12 Тем не менее, я продолжала читать с такой же двойственностью, как и у нее. Возможно, самое известное ее эссе — безусловно, одно из самых противоречивых — «Заметки о «Кэмпе»», в котором феномен, определяемый «духом экстравагантности», исследуется со скрупулезной трезвостью.Запрос исходит из смешанных чувств — «Меня сильно тянет к Кэмпу и почти так же сильно обижает на него», — которые скорее обостряются, чем разрешаются, и которые вьются через 58 пронумерованных разделов «Заметок», как усики в стиле ар-нуво. Распечатать. Писая о чрезмерном, искусственном, легкомысленном и театральном способе выражения, Зонтаг использует стиль, противоположный всему этому.

Если некоторые виды лагеря представляют собой «серьезность, которая терпит неудачу», то «Заметки о «лагере» » разыгрывают серьезность, которая достигает успеха.Эссе посвящено Оскару Уайльду, чьи самые насмешливые высказывания выражали его самые глубокие мысли. Зонтаг обращает вспять этот вильдеанский поток, так что ее серьезные заявления сверкают почти невидимым озорством. Эссе восхитительно, потому что оно, кажется, не выдает никакого чувства юмора, потому что его шутки похоронены так глубоко, что они, по сути, являются секретами.

13 В главе «Против интерпретации» под названием «Записные книжки Камю» — первоначально опубликованной в «Нью-Йорк ревью оф букс» — Зонтаг делит великих писателей на «мужей» и «любовников», хитрая, сексуальная модификация старых дихотомий (e .г., между аполлоническим и дионисийским, классическим и романтическим, бледнолицым и краснокожим). Альбер Камю, начавший свой посмертный путь от нобелевского лауреата и мученика-экзистенциалиста до школьной программы (где я его и нашел), назван «идеальным мужем современной литературы». Это не совсем комплимент:

Некоторые писатели приводят твердые достоинства мужа: надежность, интеллигентность, великодушие, порядочность.Есть и другие писатели, в которых ценят дар любовника, дар темперамента, а не нравственную добродетель. Общеизвестно, что женщины терпят качества любовника — капризность, эгоизм, ненадежность, жестокость, — которые они никогда не одобрят в муже, в обмен на волнение, вливание сильных чувств. Точно так же читатели мирятся с неразборчивостью, навязчивостью, болезненной правдой, ложью, плохой грамматикой — если в качестве компенсации писатель позволяет им смаковать редкие эмоции и опасные ощущения.
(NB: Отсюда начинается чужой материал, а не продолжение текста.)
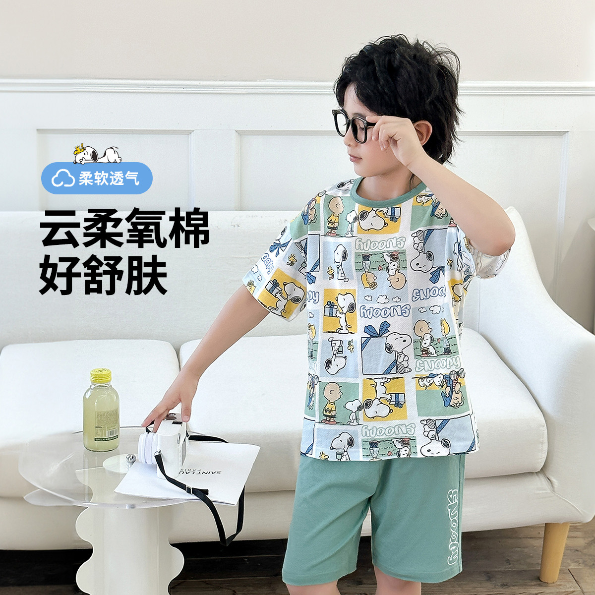 【100%纯棉】夏中大童短袖男童睡衣家居服套装儿童睡衣睡裤 317656
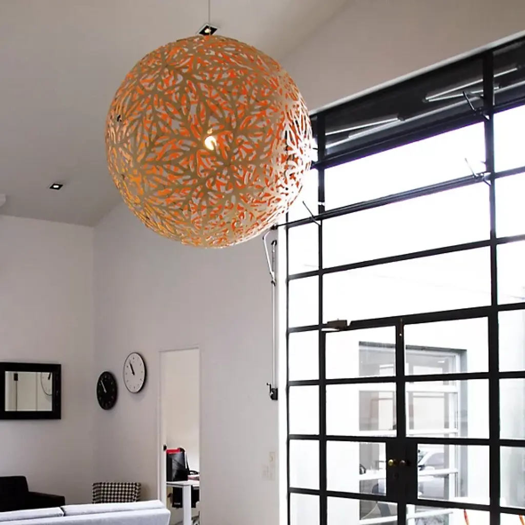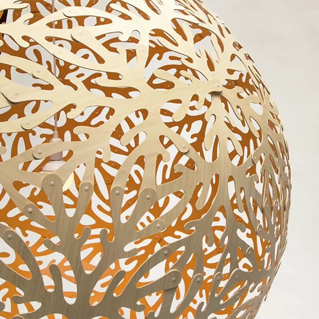 The Sola Pendant from David Trubridge enriches interiors with an intense, intricate interplay of light and shadow. Designed in New Zealand by Trubridge, its spherical structure is composed of slender bamboo plywood segments that interlock into a decorative shell of frond-like extensions. Originating from the Trubridge’s ‘Icarus’ installation shown in Milan in 2010, the piece evokes the myth of flight. The light within projects a vivid, swirling pattern across surrounding surfaces with the drama of solar flares, balancing organic presence with bold, luminous light.
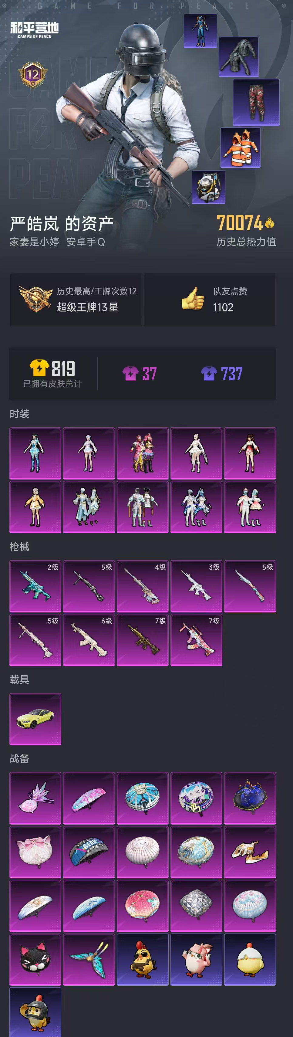 【和平精英】【lyhp17153】7w热力值10粉装9特效呛1载具 猪妹 千金淑猫 智能音符 呆萌星弥 都市 赤蝎 小丑鱼 蓝螳螂 猫包 3级女娲m4 满级五爪金龙m4 满级狗砸 宝马m4 10粉装,9特效呛,1载具,历史最高段位:超级王牌13星 王牌印记12次 热力值:70074,154套装,217呛械,302装备,122战备;套装:套装-智能音符,套装-缤纷油彩,套装-旋转彩虹,角色-小可学妹,角色-呆萌星弥,套装-未来歌姬,套装-金丰海韵,角色-异瞳寒姬,角色-千金淑猫,角色-荧海星豚,套装-特训学院,套装-猎鹰,套装-黄色运动,套装-白色伏地魔,套装-黑色伏地魔,套装-竞技名士,套装-棕色飞行服,套装-长空猛禽,套装-漫步者,套装-竞技勇士朋克,套装-蓝色守护者,套装-海岛探路者,套装-雨林探路者,套装-旭日情侣,套装-赤蝎幽灵,套装-冷焰舞者,套装-都市猎人,套装-甜蜜告白,套装-鹰眼刺客,套装-冰冻风暴,套装-街头潮人,套装-怒火燎原,套装-魅力单车,套装-耀眼新星,套装-狂战萌兔,套装-坚韧舞者,套装-都市魅力,套装-荣耀,套装-沙漠兵团,套装-雪山精英,套装-传奇侦探,套装-幻世战舞者,套装-金耀舞者,套装-弄潮海豚,套装-迅捷狂鲨,套装-甜蜜熊情侣,套装-缤纷果语,套装-龙魂突击队,套装-wifi精灵,套装-麻辣教官,套装-小丑鱼,套装-疯狂小兔子,套装-深蓝冒险家,套装-迷域探索者,套装-ss5特训,套装-圣诞大吉,套装-爆竹金鼠,套装-金鼠迎春,套装-北国孤狼,套装-ss6特训,套装-淡雅花蕊,套装-跃动心情,套装-ss7特训,套装-霓虹街区,套装-ss10特训,套装-ss8特训,套装-动感兔斯基人偶服,套装-夏日音浪,套装-ss9特训,套装-顽皮玉兔,套装-牛气满满,套装-ss11特训,套装-萌趣颜团子,套装-战术大师,套装-ss12特训,角色-英勇保护者,套装-浓情蜜辣,套装-ss20特训,套装-ss21特训,套装-萌趣咩咩,套装-娇憨猪猪,套装-梦幻奶油,套装-酸甜橘柚,套装-ss22特训,套装-田园牧歌,套装-轻风白浪,套装-碧波幻想,套装-岑岑玉浪,套装-绯格组合,套装-甜梦熊熊,套装-神气柴柴,套装-懵萌河马,套装-柠萌假日,套装-青玉碎影,套装-ss24特训,套装-冥星暗影,套装-涂山之恋,套装-ss25特训,套装-金戈铁马,套装-惊鸿侠骨,套装-锦衣飞扬,套装-香桃花海,套装-深海梦境,套装-果汁能量,套装-冰河战士,套装暗影刺翼,套装-奶油梦幻熊,角色-mark.06,套装-海盐绵绵冰,角色-极冰使者,套装-蝶变,套装-粉日山川,套装-小熊娃娃,套装-ss29特训,套装-虚空漩涡,套装-雏菊兔兔,套装-萝兰蝴蝶,角色-绯色魅影,角色-紫俏灵猫,角色-摩登魅猫,角色-蜜桃派对,角色-都市丽猫,套装-星途旅人,套装-ss30特训,套装-青团波波,角色-绛羽幽主,套装-糖糖葫芦,套装-ss31特训,套装-鱼渊荷华,套装-燕燕于飞,套装-智谋强哥,套装-紫幽梦,套装-晶辉守护,套装-ss33特训,套装-巳巳如意,套装-ss32特训,套装-风舞幻音,套装-蓝冰羽,套装-大橘大利,套装-炫彩糖果,套装-元气之梦,套装-ss34特训,套装-擎苍青焰,套装-朱霞炽焰,套装-凌霄紫焰,套装-薄荷星砂,套装-ss35特训,套装-午间小调,套装-秘语星愿,套装-风迹短诗,套装-粉黛兰香,套装-错位像素,套装-ss36特训,套装-萌鸡速递;呛皮:aug-耀粉歌者,aug-海螺星光,aug-异域银装,aug-冰晶雪宝,aug-乌木金纹,2级蜜獾-异瞳寒姬,蜜獾-娇憨猪猪,蜜獾-糖糖葫芦,蜜獾-风迹短诗,蜜獾-乌木金纹,6级akm-白勺歌姬,akm-灼热熔岩,akm-影袭,akm-霓虹街区,akm-涂鸦街区,akm-萌趣颜团子,akm-恐龙拽拽,akm-霓彩脉冲,akm-乌木金纹,akm-绿洲时空,q-银河战甲,q-神秘黑猫,q-彩虹符号,g36c-懵萌河马,g36c-星穹咏叹调,scar-l-红色方程式,scar-l-夜灯,scar-l-炫彩节奏,scar-l-彩虹符号,scar-l-星途旅人,scar-l-乌木金纹,ac-val-乌木金纹,ac-val-天降萌叽,ac-val-冠军兔兔,mk47-乌木金纹,mk47-极冰使者,mk47-湮灭星辰,mk47-风迹短诗,7级groza-旋转彩虹,groza-影袭,groza-田园牧歌,groza-懵萌河马,groza-奶油梦幻熊,groza-乌木金纹,m762-快乐主宰,m762-天降萌叽,m762-雏菊兔兔,m762-乌木金纹,famas-霓彩脉冲,famas-乌木金纹,7级m416-五爪金龙,3级m416-女娲灵识,m416-蓝色火焰,m416-绯红前夜,m416-极冰使者,m416-错位像素,m416-乌木金纹,m16a4-红色方程式,m16a4-幻世战舞者,m16a4-冰河战士,m16a4-千金淑猫,arx-凌霄紫焰,win94-乌木金纹,5级kar98k-巳巳如意,kar98k-红色方程式,kar98k-影袭,kar98k-勇闯险境,awm-垂柳戏鸭,awm-海螺星光,awm-绿洲时空,m200-惊鸿侠骨,m200-乌木金纹,m24-影袭,m24-拂晓神骑,4级amr-智耀战神,amr-暗夜行者,amr-白勺歌姬,amr-鬼刀,莫辛纳甘-懵萌河马,莫辛纳甘-风迹短诗,mk14-童趣迷兔,mk14-乌木金纹,mk14-海螺星光,mk14-冰河战士,mk14-紫幽梦,mini14-穿刺龙虾,mini14-金鼠迎春,mini14-旋转彩虹,mini14-涂山之恋,mini14-香桃花海,mini14-雏菊兔兔,slr-娇憨猪猪,slr-金丰海韵,slr-极冰使者,slr-霓彩脉冲,vss-田园牧歌,vss-彩虹符号,vss-乌木金纹,mk12-风迹短诗,mk12-乌木金纹,mk20-h-星途旅人,mk20-h-糖糖葫芦,mk20-h-乌木金纹,sks-夜灯,sks-勇闯险境,m417-惊鸿侠骨,ump45-夜灯,ump45-生命誓言,ump45-天启纪元,ump45-涂山之恋,ump45-炫光之旅,ump45-糖糖葫芦,汤姆逊-勇闯险境,汤姆逊-智耀战神,汤姆逊-错位像素,野牛-奶油梦幻熊,野牛-雏菊兔兔,野牛-燕燕于飞,vect-生命誓言,vect-金玉无双,vect-彩虹符号,vect-田园牧歌,vect-燕燕于飞,vect-乌木金纹,uzi-红色方程式,uzi-影袭,uzi-娇憨猪猪,uzi-幽秘魅影,uzi-冰河战士,uzi-炫彩糖果,aks-74u-鬼刀,aks-74u-乌木金纹,p90-巳巳如意,p90-乌木金纹,js9-凌霄紫焰,s686-生命誓言,s686-彩虹符号,s686-白勺歌姬,s686-千金淑猫,s686-雪月幻

Сексуальная политика этой формулировки – это нечто. Чтение-женщина, письмо-мужчина. Читательница существует для того, чтобы быть соблазненной или обеспеченной, изнасилованной или обслуженной мужчиной, который либо мошенник, либо солидный гражданин. Камю, несмотря на свою кинозвездную внешность (как и Зонтаг, он хорошо фотографировал), обречен на статус мужа. Он парень, на которого читатель согласится, который не будет задавать слишком много вопросов, когда она вернется после интрижек с Кафкой, Селин или Жидом.Он также тот, кто больше, чем любой из них, вдохновляет на любовь.

14 После того, как ее брак с социологом Филипом Риффом распался в 1959 году, большинство серьезных романтических отношений Зонтаг были с женщинами. Писатели, компанию которых она составляла на странице, были преимущественно мужчинами (и почти исключительно европейцами). За исключением короткой статьи о Симоне Вейль и еще одной о Натали Саррот в «Против интерпретации» и подробного разбора Лени Рифеншталь в «Под знаком Сатурна», основная критика Зонтаг касается мужчин.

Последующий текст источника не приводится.